In closing, you are either a statist, and thereby a socialist (at best) or you are not. You either hold with the opinion that individuals come together to form a state, or are merely cogs. The rise of social conservatives is simply a reaction to the debasement of general society…an arguement for another day.
Linden,
This should be of interest.
Summit scandal hits S.Korea
By Jong-Heon Lee
UPI Correspondent
From the International Desk
Published 2/4/2003 7:06 AM
SEOUL, South Korea, Feb. 4 (UPI) — South Korea’s much-touted efforts to reconcile with North Korea suffered a major setback as a controversy flared up that President Kim Dae-jung had bribed the communist regime to stage a historic inter-Korean summit in 2000.

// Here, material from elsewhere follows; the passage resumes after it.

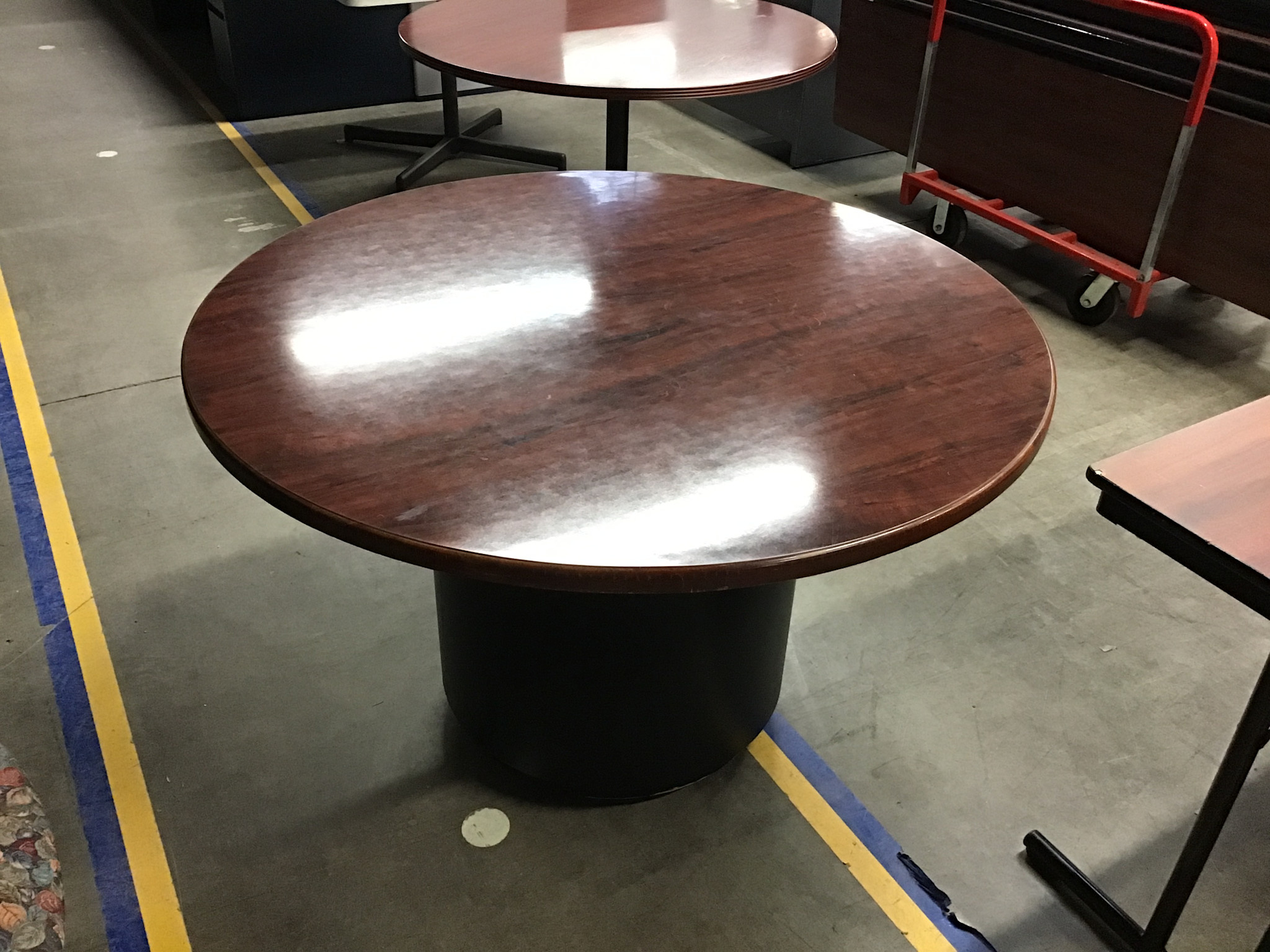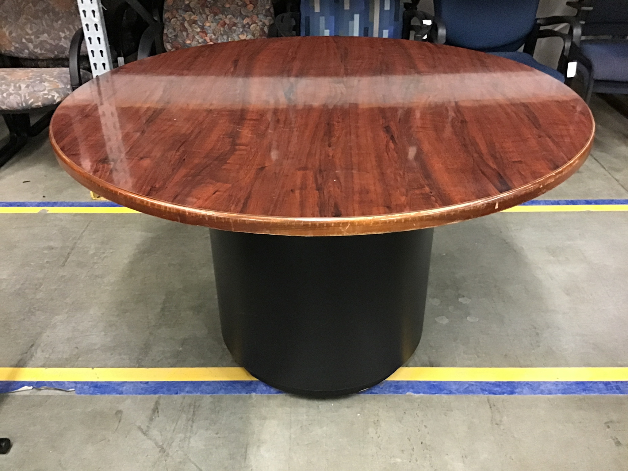 48” Cherry color round table large pedestal on castors - some wear 3/5/26

A former intelligence officer has revealed that the South Korean leader funneled some 2 trillion won ($1.7 billion) to his North Korean counterpart, Kim Jong Il, in return for holding the summit, and lobbied foreign countries to get the 2000 Nobel Peace Prize.
With the cash, North Korea purchased key components for nuclear weapons, 40 Soviet-made MiG jets and a submarine from Kazakhstan, said the former agent known only by his family name, Kim.
The flap came just after government auditors confirmed that the country’s giant business conglomerate Hyundai secretly transferred some $200 million, obtained from a South Korean state-run bank, to North Korea just ahead of the summit in June 2000.
(snip)
That’s unbelievable. Thanks, Trent. I swear. There’s no way to describe the stupidity of the South Korean government.